Prospective, multi-center, double-masked, randomized, controlled trial. Participants were randomly assigned (1:1) to intravitreal bevacizumab or standard therapy available when the trial commenced (PDT, pegaptanib sodium or sham treatment). The primary end-point was gain in vision at 12 months. A data and safety monitoring committee and steering committee monitored the conduct of the study.
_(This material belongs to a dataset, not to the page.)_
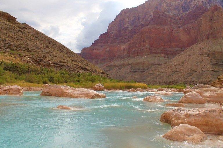 The Little Colorado River gets its blue color from dissolved calcium carbonate in the water. This mineral is found in chalk, antacids, eggshells, dark green vegetables, rocks, and more. In the Little Colorado River, calcium carbonate forms a type of limestone called travertine that creates white, pillowy deposits along the riverbed. Most of the turquoise-blue water in the Little Colorado River comes from springs 10 to 13 miles upstream of the confluence. Thanks to these groundwater-fed springs, the last 13 miles of the Little Colorado River flow year-round at an average rate of 220 cubic feet per second (cfs) until joining the mighty Colorado River, which has an average flow between 8,000 and 25,000 cfs!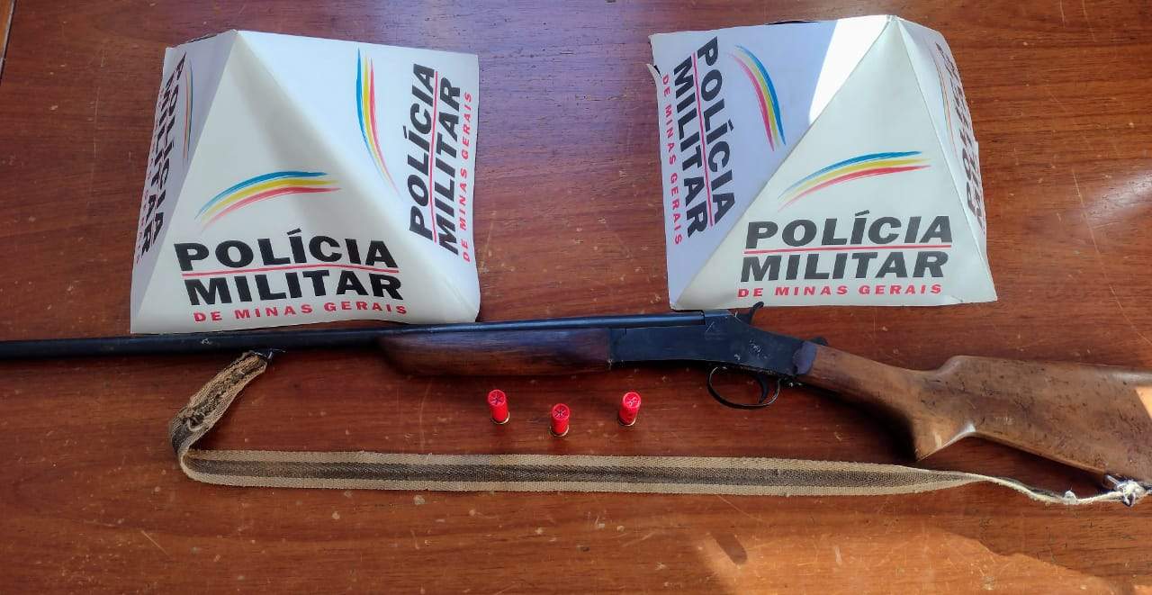 No local, foi feito contato com o morador, de 55 anos e, durante as buscas foi localizada 01arma de fogo, tipo espingarda, calibre 32 com coronha de madeira e 03 munições de mesmo calibre.

Of the 131 patients enrolled in the trial, 32.3 % of patients in the bevacizumab group gained 15 or more letters from baseline visual acuity, compared to 3.0% in the standard care group [(P<0.001), estimated adjusted odds ratio 18.1 (3.61, 91.24)]. 90.8% of patients in the bevacizumab lost less than 15 letters of visual acuity from baseline compared to 66.7% in the standard care group ( P<0.001). There were no cases of endophthalmitis or serious uveitis related to the intervention. All end points with respect to visual acuity in the study eye at 54 weeks favored bevacizumab treatment over standard care therapy.
Intravitreal bevacizumab given as part of a 6 weekly variable retreatment regimen is superior to standard care (PDT, pegaptanib sodium or sham) in the treatment of exudative AMD. This study provides the first level I evidence for the use of bevacizumab in the treatment of CNV in AMD.